А он возмущённо хохотнул.
– То есть, я не милый и идиот, потому что не понимаю твоих царских замашек и замечаний? Не способен оценить твоё тонкое чувство юмора!
– Если не способен, то я в этом не виновата.
– Признайся, когда ты ехала сюда, ты была уверена, что я так и сижу в полной жопе. По уши. И думаю, ты даже надеялась на это. Думала, как я разину рот, когда тебя увижу, королеву столичную.
Лана невольно поморщилась от его описания её иллюзий. Потом повернулась к нему и честно призналась:
– Я была уверена, что тебя здесь нет. Я не рассчитывала тебя здесь увидеть.
– Почему? Это ты не придумала ничего умнее, как сбежать. А я хочу здесь жить, мне нравится здесь жить, и я буду здесь жить. Мне людям в глаза смотреть не стыдно, и бегать мне не от кого.
Она не удержалась и стукнула его кулаком по плечу. Иван не удивился, но брови вздёрнул, показательно.
– И что это было? Несдержанность, скрытая агрессия или всё-таки недостаток воспитания даёт о себе знать?
– Ты идиот!
– Я не сказал тебе ни слова неправды.
– Это твоя правда, и только твоя.
– Хочешь сказать, что ты не сбежала?
– Я хотела начать всё сначала. Что в этом такого преступного? Здесь я задыхалась. И боялась.
– Меня?
Они встретились глазами, Лана с ответом помедлила, после чего покачала головой.
– Пашкиных родителей. Они были убиты горем, и в своём горе желали убить других. А точнее, нас с тобой. Я не хотела жить, и без конца оглядываться.
– И больше никаких причин?
Лана аккуратно отступила от него.
– Хочешь спросить, сбежала ли я от тебя? Возможно, – не стала она сопротивляться. – Но признайся честно, разве ты не почувствовал облегчение, когда я уехала?
– Нет, – ответил он, но слишком быстро. Лана даже усмехнулась.
– Мы не разговаривали, мы не общались, а если случайно встречались, не знали, как себя вести. И, признаться, когда мы встречались, мне казалось, что тебе неприятно меня видеть. Ты меня винил, Ваня.
– Как я мог тебя винить в случившемся? – сказал он, но они оба знали, что он лукавит. И говорят они уже не о пожаре.

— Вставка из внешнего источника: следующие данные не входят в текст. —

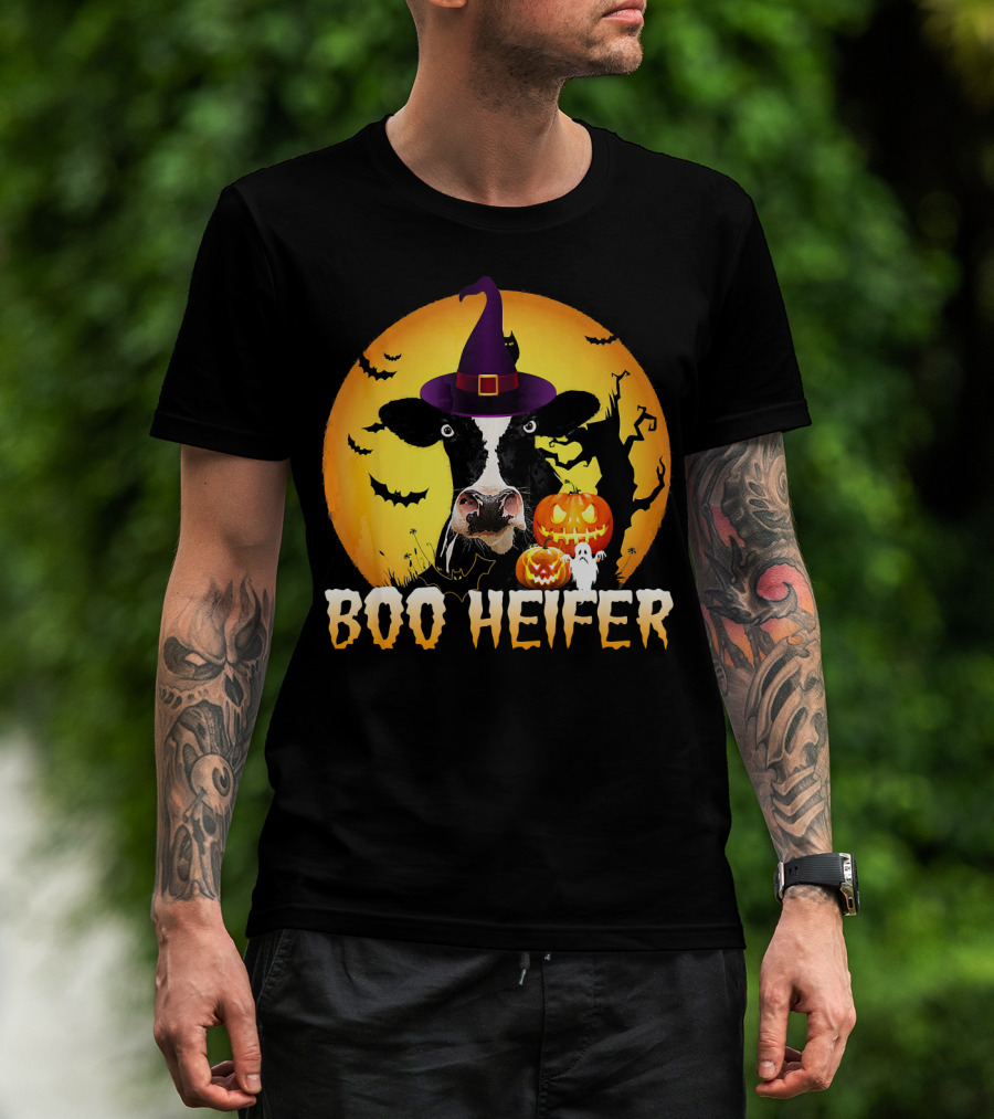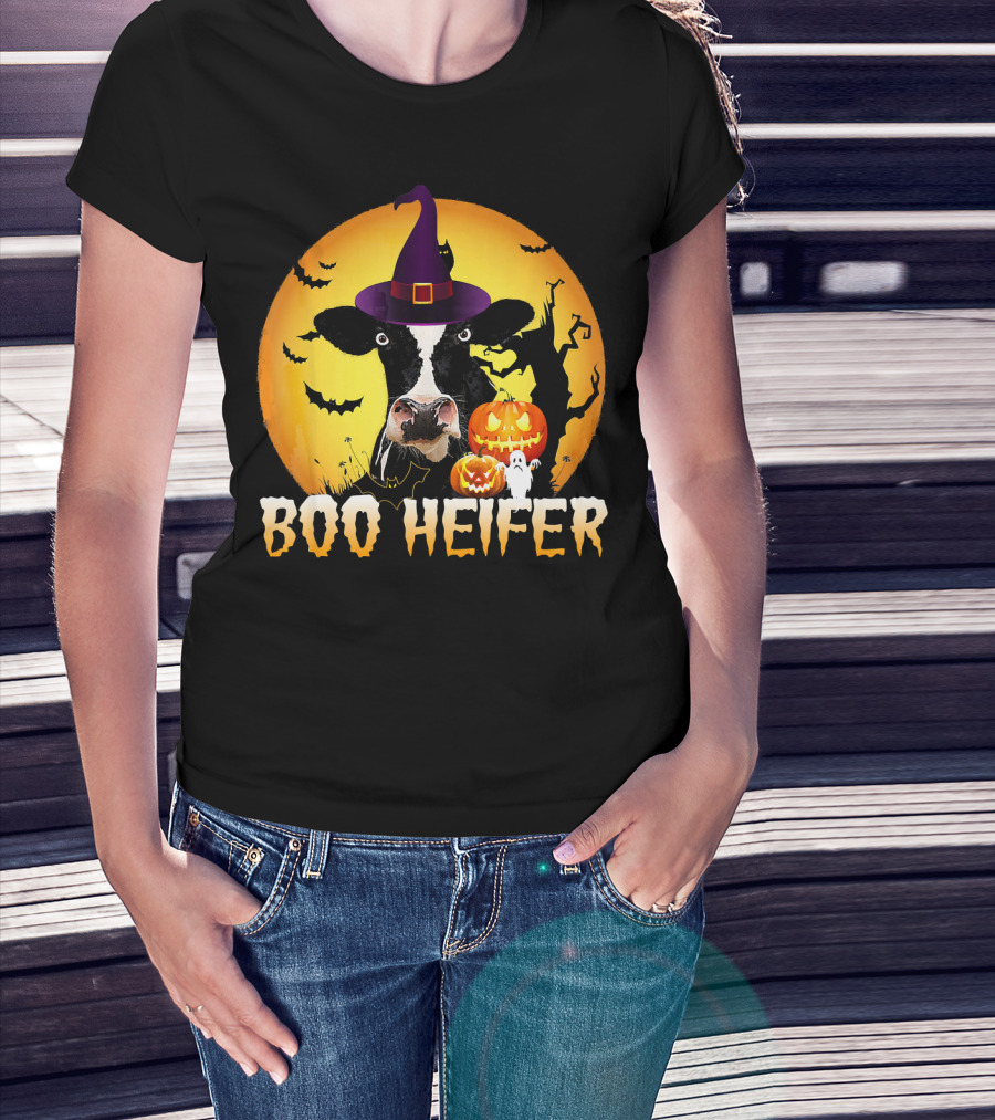 Boo Heifer Witch Hat Cow Halloween Moon Pumpkins Ghost T-Shirt

Лана взглянула на него с укором, и тут же решила сойти с опасной дорожки. Снова разговаривать о том, что когда-то было, как было обидно и неловко, а уж тем более через столько лет доказывать свою верность, желания не было. И смысла тоже. Вряд ли он поверит ей спустя десять лет, после того, как она сбежала. Своим бегством она всё ему доказала.
– А почему ты не женился? – спросила она другим тоном, более бодрым и добавив в голос изрядную долю любопытства. Не беспардонного, даже улыбнуться попыталась легко.
– Так может, я собираюсь, – в тон ей отозвался Иван.
– Я не спорю, может, и собираешься. Кстати, она милая. И смотрит на тебя влюблёнными глазами. Но я не про сейчас, я про прошедшие десять лет. – Лана повернулась к нему, послала выразительный взгляд, правда, боялась переиграть. – И только не говори, что работал.
– Не хочешь, не буду говорить, – пожал он плечами. – Но женитьба не была в приоритете.
– Понятно.
Сизых хмыкнул.
– Вряд ли тебе понятно.
– А что такое?
– Ну, ты замуж выскочила довольно быстро, – подсказал он, не удержавшись от лёгкого ехидства.
– Неправда. Замуж я вышла через два года. Это быстро?
Иван чопорно поджал губы.
– Не знаю, что там по столичным меркам считается быстро. Или вариант так быстро не подыскался?
Лана покачала головой, поражаясь его уверенности в своих выводах.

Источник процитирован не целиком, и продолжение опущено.